The absence of a central regulatory body meant there was no one to appeal to outside the authority. The lack of interest was summed up by one social worker in the report who said: "I have hard kids to place and here was someone who would take them without asking too many questions. I dare not upset him."
Other councils were anxious to believe that the Beck scandal could never happen in their homes. But across Britain abuse has been exposed in care homes. Among the greatest concerns has been the suspicion that paedophile groups were operating in homes. More than 60 children were thought to have been involved in a ring involving council staff and external abusers in Islington, north London.
In the inquiry that followed last year by Ian White, Oxfordshire's director of social services, he warned that Islington's failure to deal with a further set of allegations in the early Nineties meant staff who may have abused children could be working in childcare elsewhere in the country.
The report put local councillors in the dock as well as employees. It said managers were too terrified to deal with staff in a fiercely politically correct regime for fear of being called homophobic or racist.
The revelations of abuse in Staffordshire of more than 140 children in the Eighties were equally damning. Tony Latham, a social worker, was the architect of the policy known as "pin-down" for controlling difficult children in homes.
They were kept in isolation for weeks at a time in a bare room; many were forced to breaking point where they attempted suicide. But Barry O'Neil, the then director of social services, said of Latham, the policy was "to let him get on with it and not to interfere as long as he produced the goods".
When he was finally exposed, an inquiry launched in 1991 concluded he had lost sight of "minimum standards of behaviour and professional practice".
But perhaps the most disturbing scandal is that of Clwyd, North Wales, in the Seventies and Eighties, where more than 100 children may have suffered sexual abuse in homes.

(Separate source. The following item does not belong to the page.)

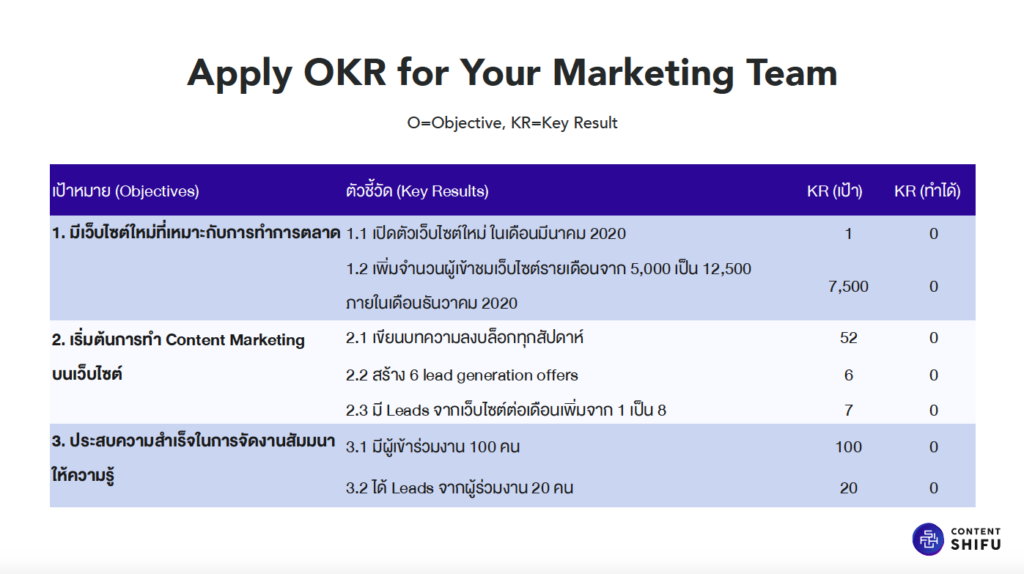รวมถึงยังแนะนำให้เอา OKR มาใช้ในการวางแผนสำหรับทีมการตลาดอีกด้วย ตัวอย่างการวางแผนด้วย OKR เป็นดังภาพด้านล่าง

The attempts to suppress the report into what took place has provoked concern about how deep the corruption went. There have been calls for a public investigation of claims that social workers procured boys for people outside the homes and used the boys themselves for sex.
The most enduring legacy of the scandals must be the revelation that 12 former residents of homes in North Wales are dead, in circumstances that have been linked to their time in care.